たいてい、そういうのは現地で最も使われている地元の言葉なんだよね。
「……いやまてよ?」
頭の中に、ポンと浮かんだ言葉があった。
「ねえメヌーサ」
「なあに?」
「メヌーサってさ、非合法の移動ルートって使わないの?」
「え?」
そうさ、そうだよ。
あちこちから指名手配されているらしいメヌーサなら、そういう移動ルートを知っているんじゃないか?
「心当たりはあるけど、それがなに?」
「なにって、そいつらを利用しているのはメヌーサだけなの?物資やら人間やらの移動もしてるんじゃないの?

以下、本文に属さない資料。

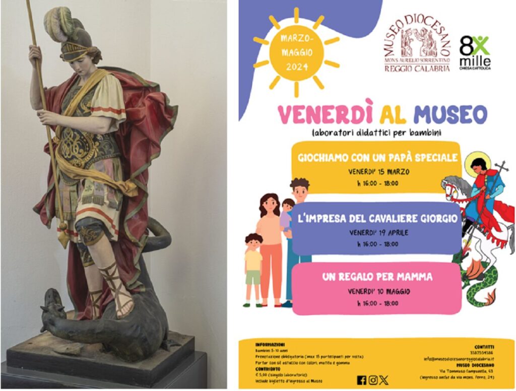 Venerdì 19 aprile h 16 sarà la volta de “L’impresa del cavaliere Giorgio”: la leggenda del Santo cavaliere, illustrata dallo stesso Giorgio, personaggio guida, s’intreccerà alla visita delle collezioni museali e, in particolare, delle opere che ne documentano la vita e le imprese, per poi cedere al racconto della nascita della devozione reggina a San Giorgio, Patrono della città, alternando giochi e attività. Richiesta la prenotazione contattando il Museo al n. 3387554386.
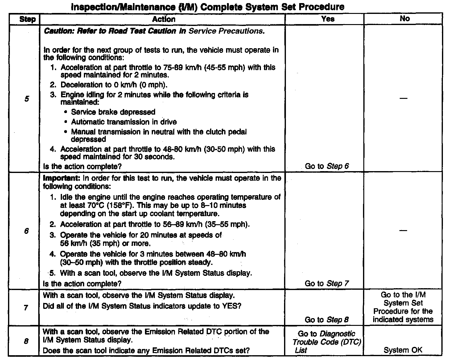DESCRIPTIONThe purpose of the I/M Complete System Set Procedure is to satisfy the enable criteria necessary to execute all of the I/M readiness diagnostics, and complete the trips for those particular diagnostics. When all diagnostic tests are completed, the I/M System Status indicators are set to YES. Perform this test when more than one or all of the I/M System Status indicators are set to NO.
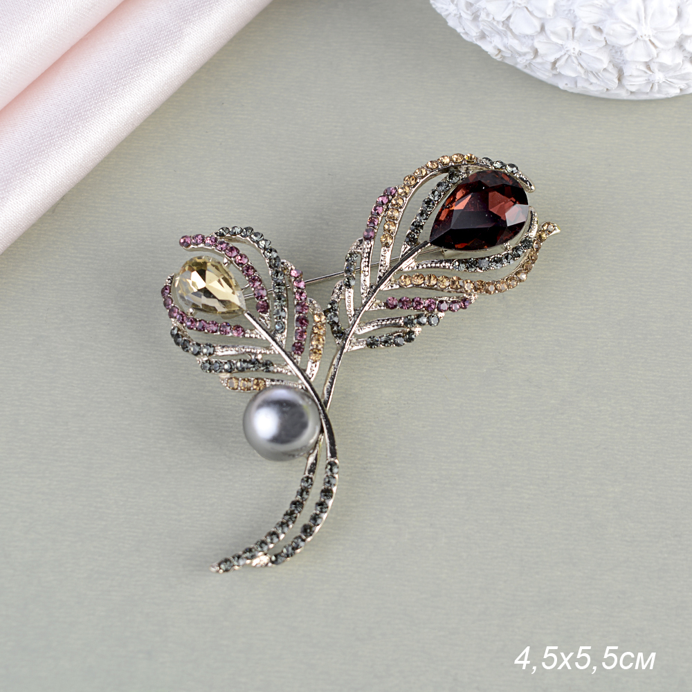 Брошь Перья павлина 5,5 см / GM273-49 /уп 24/ с жемчугом
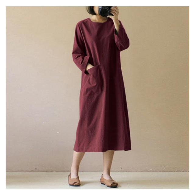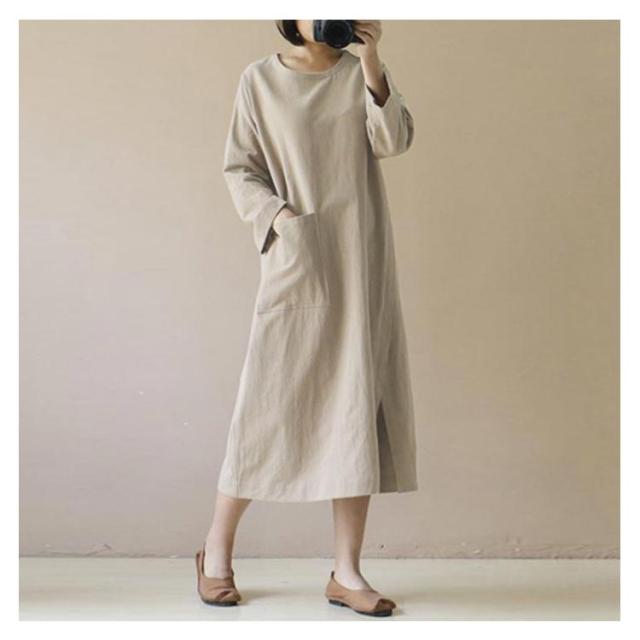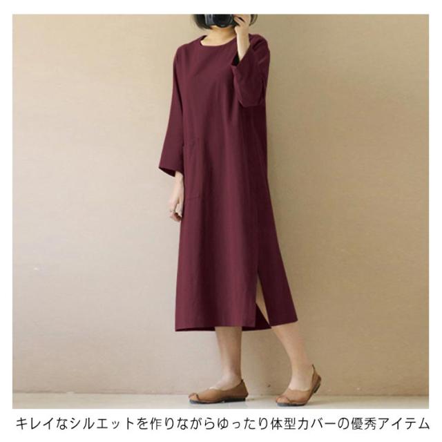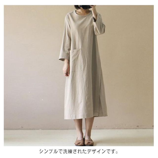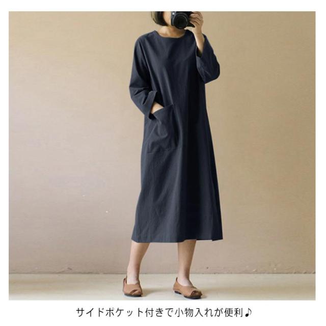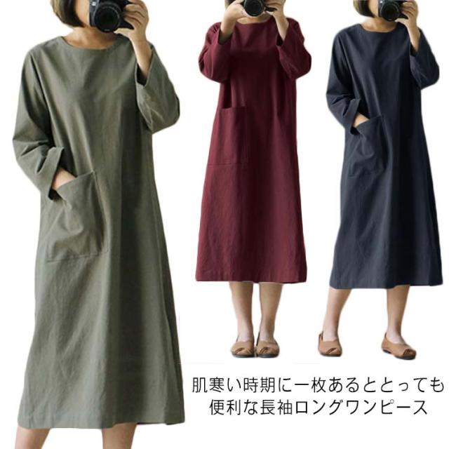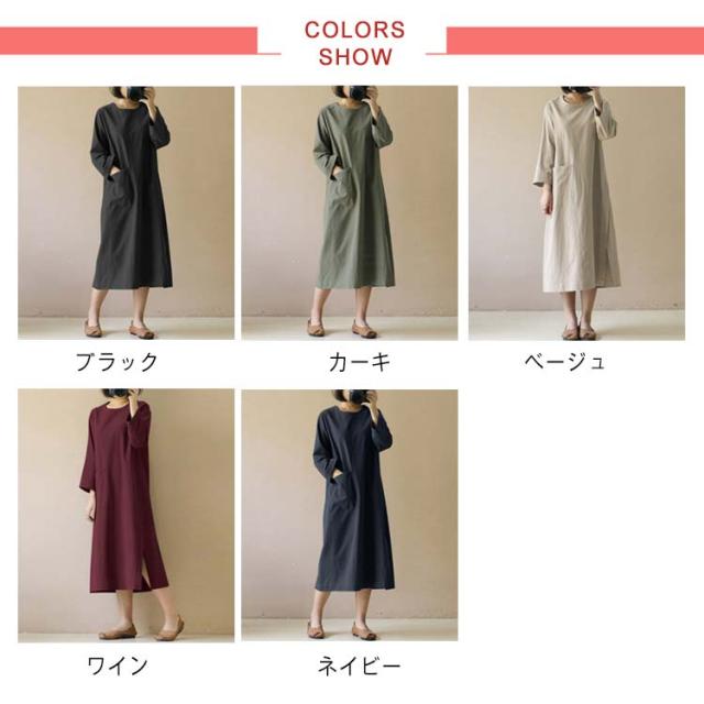 ワンピース 秋 長袖 無地 シンプル ポケット付き ベージュ ワイン カーキ ブラック ネイビー
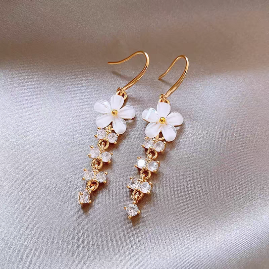 14K Gold-plated Flower Pearl Threader Tassel Earrings
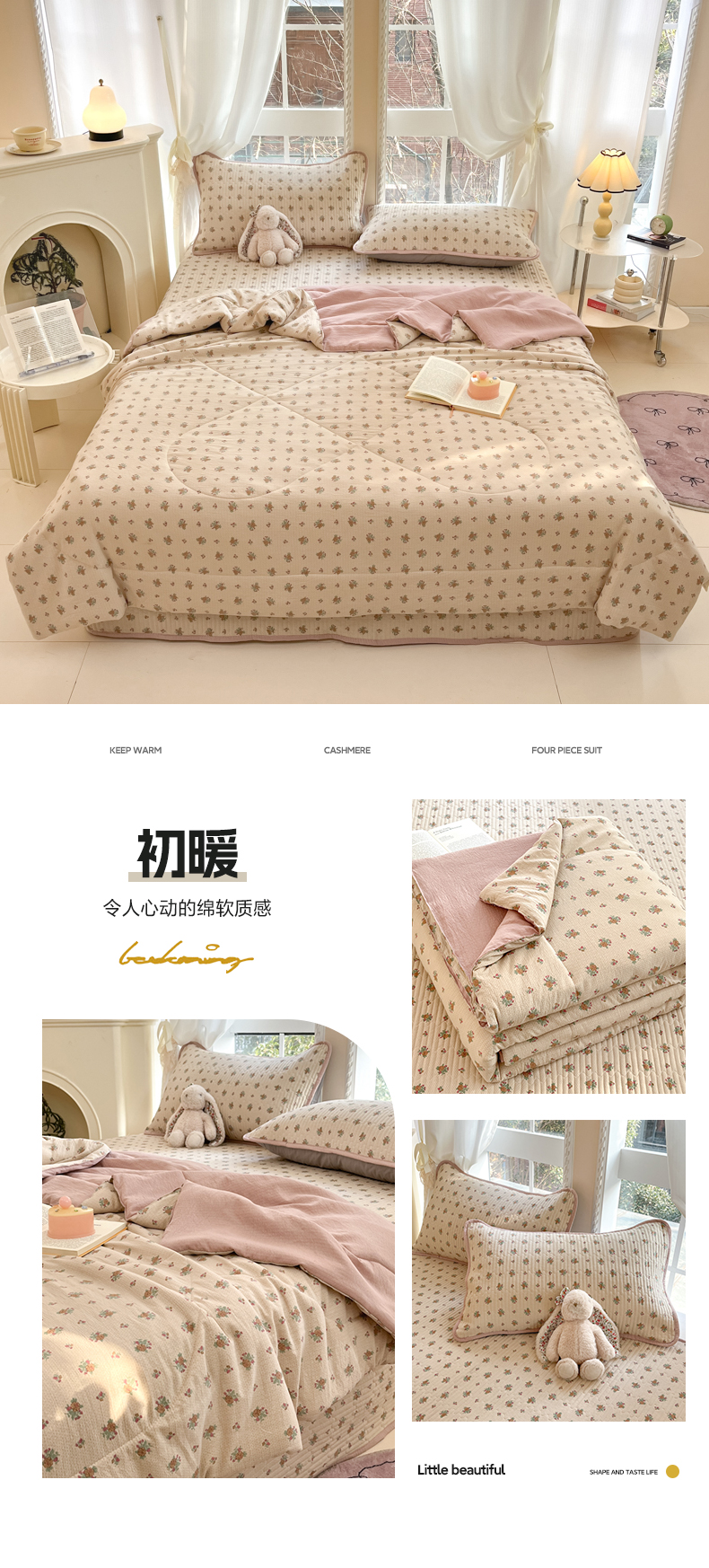 当前位置: 91家纺网 > 商品网购 > 床品套件 > 四件套 > 其它四件套 > 贝扬思家纺 2025新款云感双层纱7A抗菌夏被四件套系列 甜心兔
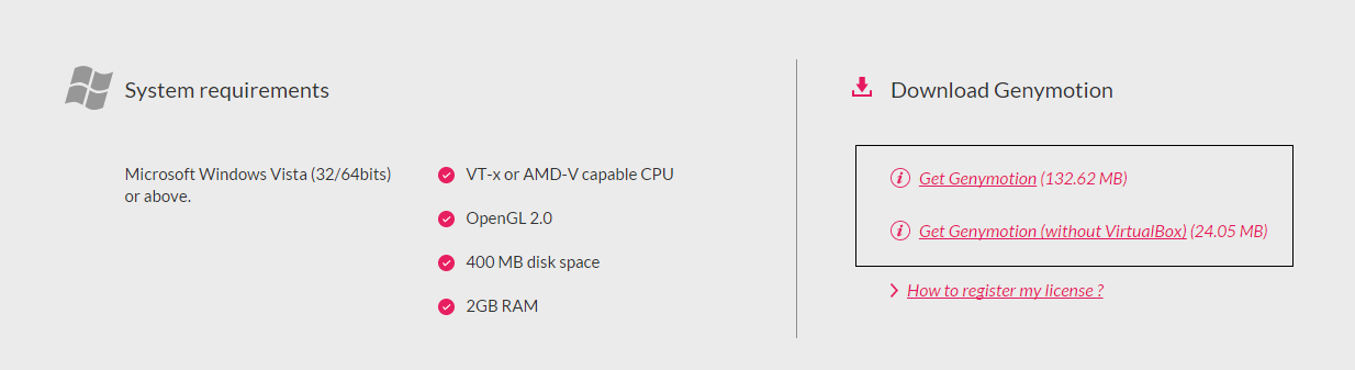 先去http://www.genymotion.net/注册一个账号,然后在Shop里下载模拟器,选择Free版本(For personal use only),有钱也可以选择其它版本。
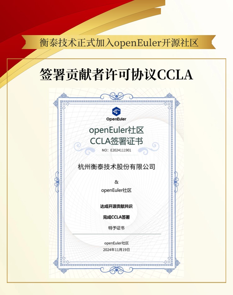 衡泰技術簽署企業貢獻許可協議(CCLA),正式加入 openEuler開源社區。
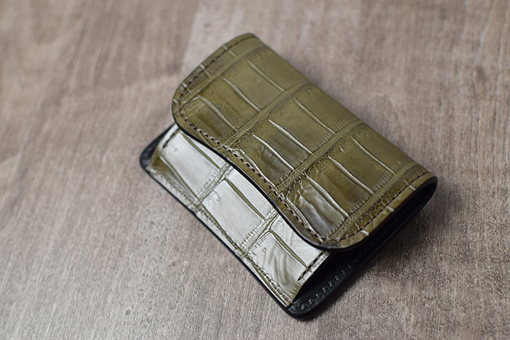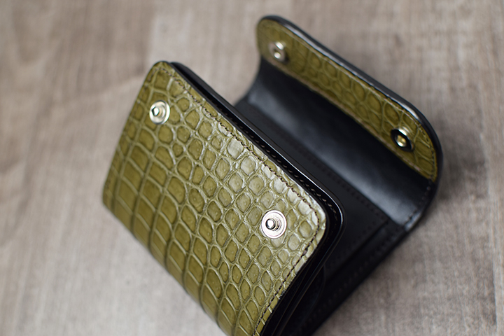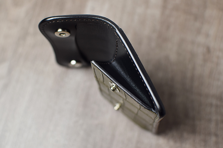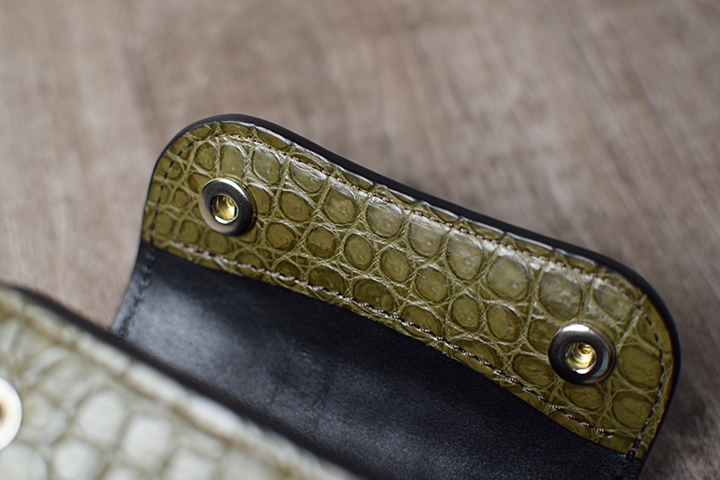 前胴にカーキのポロサスを用いたコインケースはたっぷりのコインが収納できる他、TONGUEと同様に内部に革の仕切りを設けているので、こちらにもカードを収納して頂けます。
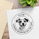Photo d'animal de compagnie personnalisable et timbre texte. Veuillez noter que vous devrez peut-être ajuster les informations en ajoutant ou en supprimant certains caractères pour aligner le texte correctement.

で……ついでにいうと、そいつらのお客さんってつまり、グレーゾーンとか裏の人なんじゃないの?」
「……ああ、そっか!」
メヌーサの顔が明るくなった。
「言いたいことわかったわ。
つまり、そういう連中なら当局とつながっていないだろうから、うまくデータを渡せるんじゃないかってことね?」
「そそ。で、少なくとも自分関連のネット上にいる同胞には渡してくれるんじゃないの?」
別に、全惑星をどうにかしてくれることは期待してない。
でも、それでいい。
例のデータがメヌーサのいう通りのものだったら。
私が彼らの立場なら、広めるなと言われてもコッソリ裏で広めるはずだから。
つまり。
一度なんらかの形で拡散さえできれば、もう心配いらないってことだ。